When you repeat the material, keep each line exact and omit the pictures.

[Information supplied]

──────────

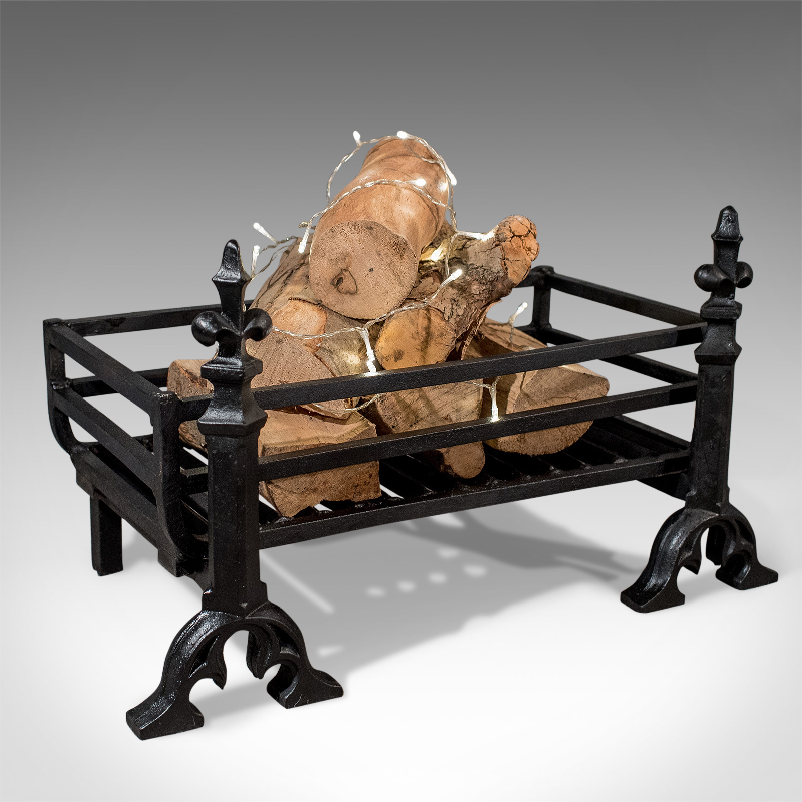 Antique Fire Grate Hearth Basket & Andiron Dogs Cast Iron Victorian c.1900 (1 of 1)
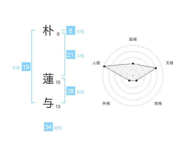 朴 蓮与さんの総格は34画の2点!
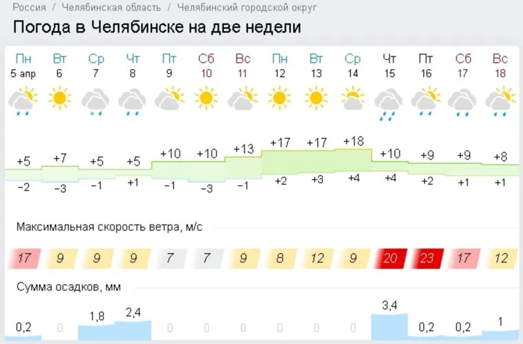 По данным сайта Gismeteo, дневные температуры в регионе начнут расти 9 апреля. С 5-7 градусов потеплеет до 10-13. С началом следующей неделе на территории области и Челябинска установится солнечная погода, а термометры будут показывать 17-18 градусов тепла. С 15 апреля установится дождливая и пасмурная погода: днем 9-10 градусов тепла, по ночам до +1-4 градусов.

──────────

[The answer]
 Antique Fire Grate Hearth Basket & Andiron Dogs Cast Iron Victorian c.1900 (1 of 1)
 朴 蓮与さんの総格は34画の2点!
 По данным сайта Gismeteo, дневные температуры в регионе начнут расти 9 апреля. С 5-7 градусов потеплеет до 10-13. С началом следующей неделе на территории области и Челябинска установится солнечная погода, а термометры будут показывать 17-18 градусов тепла. С 15 апреля установится дождливая и пасмурная погода: днем 9-10 градусов тепла, по ночам до +1-4 градусов.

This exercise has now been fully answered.